Peş peşe yaşadığı felakete karşın diğer illere göre yardımların en geç ulaştığı il Kahramanmaraş oldu. Vatandaşların büyük ölçüde kendi imkânlarıyla yürüttüğü arama kurtarma çalışmaları sürerken, kentte acı ve öfke saatler geçtikte gittikçe yükseldi. Milliyet olarak Kahramanmaraş gitmek için Ankara’dan dün sabah 08.00’de yola çıktık. Kayseri’ye vardığımızda yoğun bir araç trafiği ile karşılaştık. Depremin en yıkıcı yüzüyle karşı karşıya bölgeye ulaşmak için Cumhurbaşkanlığının aşevi TIR’ları, AFAD, UMKE, arama kurtarmada görevli jandarma ekipleri konvoylar halinde yoldaydı. Kayseri’den Kahramanmaraş yoluna girdiğimizde trafik neredeyse durma noktasına geldi. Hem hava koşulları hem de deprem nedeniyle yollarda meydana gelen hasar ve trafik kazaları yüzünden yardım konvoyları ilerlemekte zorlanıyordu. Öğleden sonra saat 16.00 sularında depremin yıkıcı etkisini Kahramanmaraş’ın Göksun ilçesine vardığımızda fark ettik. Göksun’da birçok bina hasar görmüş ve çatlamıştı. Vatandaşların bir kısmı arama kurtarma çalışmalarına destek olurken, kendilerini açık alanlarda koruma altı alanlar ise yaktıkları ateşlerin etrafında ısınmaya çalışıyordu. Göksun’dan Kahramanmaraş’a yaklaşık 100 km’lik yol 3 saatte anca geçerek toplamda 10 saatlik bir yolculuğun ardından kent merkezine ulaştık.

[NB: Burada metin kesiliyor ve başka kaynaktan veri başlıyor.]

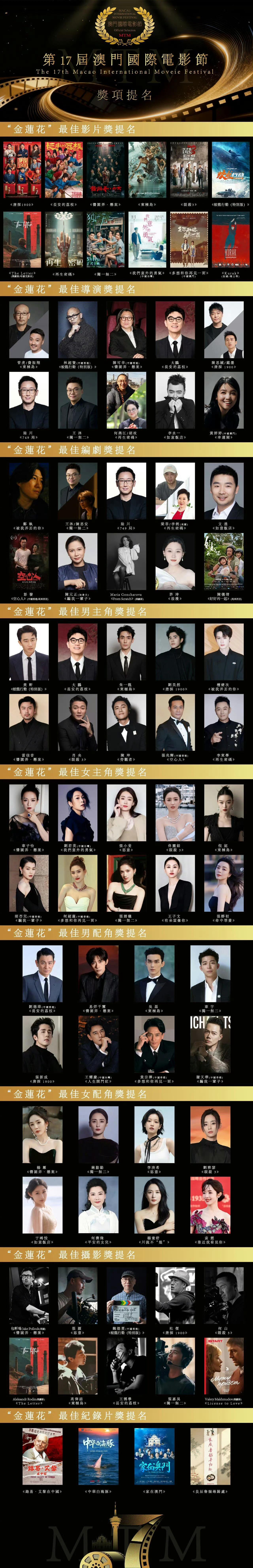 第17届澳门国际电影节“金莲花奖”奖项提名公布↓ 《唐探1900》《长安的荔枝》《东极岛》《独一无二》《酱园弄·悬案》等提名最佳影片,朱一龙、刘昊然、檀健次等提名最佳男主角,章子怡、张婧仪、张小斐、倪妮等提名最佳女主角,易烊千玺、刘德华、吴磊、黄宗泽等提名最佳男配角,杨幂、蒋勤勤、李庚希、刘雅瑟等提名最佳女配角。

Trafik nedeniyle Kahramanmaraş’a yaklaşık 100 km’lik yolu 3 saatte alabildik.

Ekipler geç ulaştı

Kent merkezinin girişinden itibaren yıkılan binaların görüntüleri ile karşılaştık. Binaların etrafında kurtarma çalışmalarına katılan vatandaşların çalışmalarını görüntüledik. Bu sırada zaman zaman yıkıntılardan yardım sesleri yükseliyordu. Yıkılan bazı binaların bulunduğu yerlerde iş makinalarının çalıştığını gözlemledik. Fakat AFAD ve diğer yardım kuruluşları karayolunda yaşanan yoğunluk nedeniyle saat 18.00 sularında henüz kent merkezine ulaşamamıştı. Kentin merkezinde büyük bölümü eski yapılardan oluşan binaların çoğunluğu yıkılmıştı. Yıkıntıların önünde vatandaşlarca yürütülen kısıtlı kurtarma çalışmaları sürerken, bu sırada enkazın altından insan sesleri duyuluyordu. Çarşı merkezinde yer alan çimento fabrikasında çalışan işçilerin kaldığı Kazanlı Oteli en büyük yıkımın yaşandığı yerlerden biriydi. Otelde onlarca işçinin göçük altında olduğu bilgisini veren vatandaşlar, kendi imkânlarıyla kurtarma çalışmaları yaptıklarını, gelecek profesyonel kurtarma ekiplerini beklediklerini belirtti. Merkezde birinci ve ikinci katları iş merkezi olarak kullanılan Gözde 1, Gözde 2 ve Gözde 3 adlı binaların tamamen çöktüğü görüldü. Çöken inşaatın önünde görüştüğümüz Mehmet Yel, bu binaların 1984-1985 yılında yapıldığını kendisinin de fiilen inşaatta çalıştığını belirterek, “Eski bina olduğu için dayanamadı” dedi. Buna benzer çok sayıda eski bina ve yanı sıra bölgede yapılan yeni binaların da yıkıldığını aktardı. Kent merkezine dün akşam saati itibarıyla elektrik verilemezken, telefon ile iletişimde sıkıntı yaşanıyordu.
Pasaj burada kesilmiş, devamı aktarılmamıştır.